(Dataset excerpts)
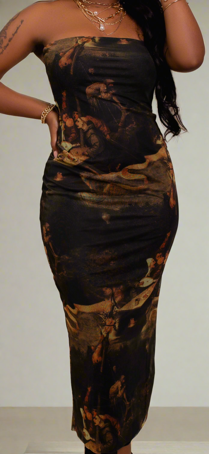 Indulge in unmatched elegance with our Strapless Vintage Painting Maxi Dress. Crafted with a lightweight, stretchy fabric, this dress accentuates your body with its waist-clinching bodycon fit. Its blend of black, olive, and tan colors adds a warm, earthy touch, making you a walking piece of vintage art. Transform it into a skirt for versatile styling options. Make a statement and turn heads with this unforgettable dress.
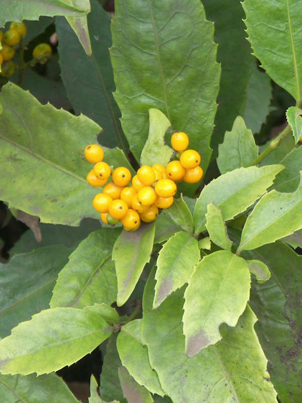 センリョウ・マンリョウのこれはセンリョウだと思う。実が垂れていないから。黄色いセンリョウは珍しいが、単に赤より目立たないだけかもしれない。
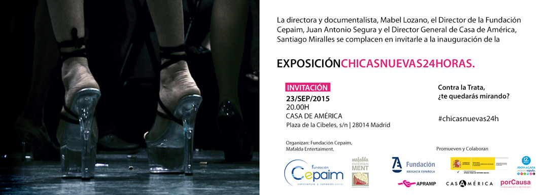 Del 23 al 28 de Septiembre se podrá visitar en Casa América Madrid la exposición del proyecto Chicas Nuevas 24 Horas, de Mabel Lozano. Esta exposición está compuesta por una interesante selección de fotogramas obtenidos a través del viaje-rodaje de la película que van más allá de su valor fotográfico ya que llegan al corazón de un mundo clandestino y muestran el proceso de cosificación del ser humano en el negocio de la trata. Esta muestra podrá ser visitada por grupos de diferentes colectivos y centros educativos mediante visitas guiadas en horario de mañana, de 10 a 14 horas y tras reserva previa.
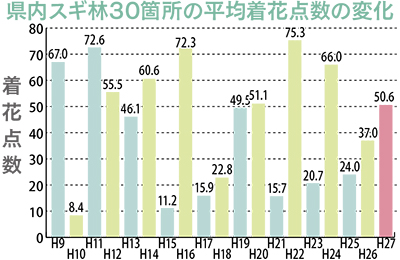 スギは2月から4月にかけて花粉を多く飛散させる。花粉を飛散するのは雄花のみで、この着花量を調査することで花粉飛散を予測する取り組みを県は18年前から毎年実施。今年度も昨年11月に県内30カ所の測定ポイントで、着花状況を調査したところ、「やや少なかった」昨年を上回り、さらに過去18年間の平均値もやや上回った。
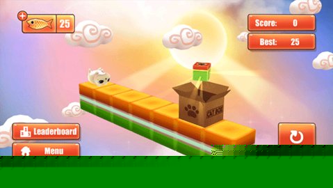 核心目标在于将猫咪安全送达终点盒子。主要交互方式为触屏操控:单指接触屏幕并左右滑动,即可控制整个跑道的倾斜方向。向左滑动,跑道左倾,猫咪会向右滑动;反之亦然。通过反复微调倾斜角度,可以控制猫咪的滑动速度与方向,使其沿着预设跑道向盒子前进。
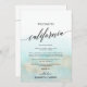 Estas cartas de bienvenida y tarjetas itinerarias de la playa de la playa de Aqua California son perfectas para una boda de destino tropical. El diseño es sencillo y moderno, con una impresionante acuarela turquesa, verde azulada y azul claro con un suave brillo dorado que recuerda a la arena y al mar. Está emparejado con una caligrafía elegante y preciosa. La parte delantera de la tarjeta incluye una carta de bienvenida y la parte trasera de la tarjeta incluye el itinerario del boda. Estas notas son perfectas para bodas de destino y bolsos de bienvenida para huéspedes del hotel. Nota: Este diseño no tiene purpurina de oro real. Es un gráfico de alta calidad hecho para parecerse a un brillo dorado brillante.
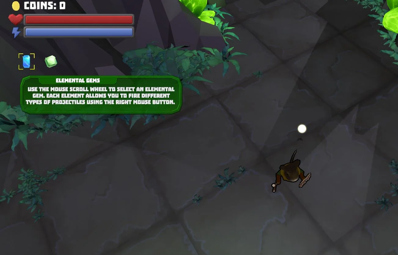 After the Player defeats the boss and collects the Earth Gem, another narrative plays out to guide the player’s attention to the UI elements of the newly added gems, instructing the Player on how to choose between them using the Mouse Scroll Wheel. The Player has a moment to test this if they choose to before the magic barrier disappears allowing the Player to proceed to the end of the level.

* Task: Using the records above, return verbatim only the part that opens with the line containing "センリョウ・マンリョウのこれ" and closes with the line containing "核心目标在于将猫咪安全送达终"; pictures stay out.

* Reply:
 センリョウ・マンリョウのこれはセンリョウだと思う。実が垂れていないから。黄色いセンリョウは珍しいが、単に赤より目立たないだけかもしれない。
 Del 23 al 28 de Septiembre se podrá visitar en Casa América Madrid la exposición del proyecto Chicas Nuevas 24 Horas, de Mabel Lozano. Esta exposición está compuesta por una interesante selección de fotogramas obtenidos a través del viaje-rodaje de la película que van más allá de su valor fotográfico ya que llegan al corazón de un mundo clandestino y muestran el proceso de cosificación del ser humano en el negocio de la trata. Esta muestra podrá ser visitada por grupos de diferentes colectivos y centros educativos mediante visitas guiadas en horario de mañana, de 10 a 14 horas y tras reserva previa.
 スギは2月から4月にかけて花粉を多く飛散させる。花粉を飛散するのは雄花のみで、この着花量を調査することで花粉飛散を予測する取り組みを県は18年前から毎年実施。今年度も昨年11月に県内30カ所の測定ポイントで、着花状況を調査したところ、「やや少なかった」昨年を上回り、さらに過去18年間の平均値もやや上回った。
 核心目标在于将猫咪安全送达终点盒子。主要交互方式为触屏操控:单指接触屏幕并左右滑动,即可控制整个跑道的倾斜方向。向左滑动,跑道左倾,猫咪会向右滑动;反之亦然。通过反复微调倾斜角度,可以控制猫咪的滑动速度与方向,使其沿着预设跑道向盒子前进。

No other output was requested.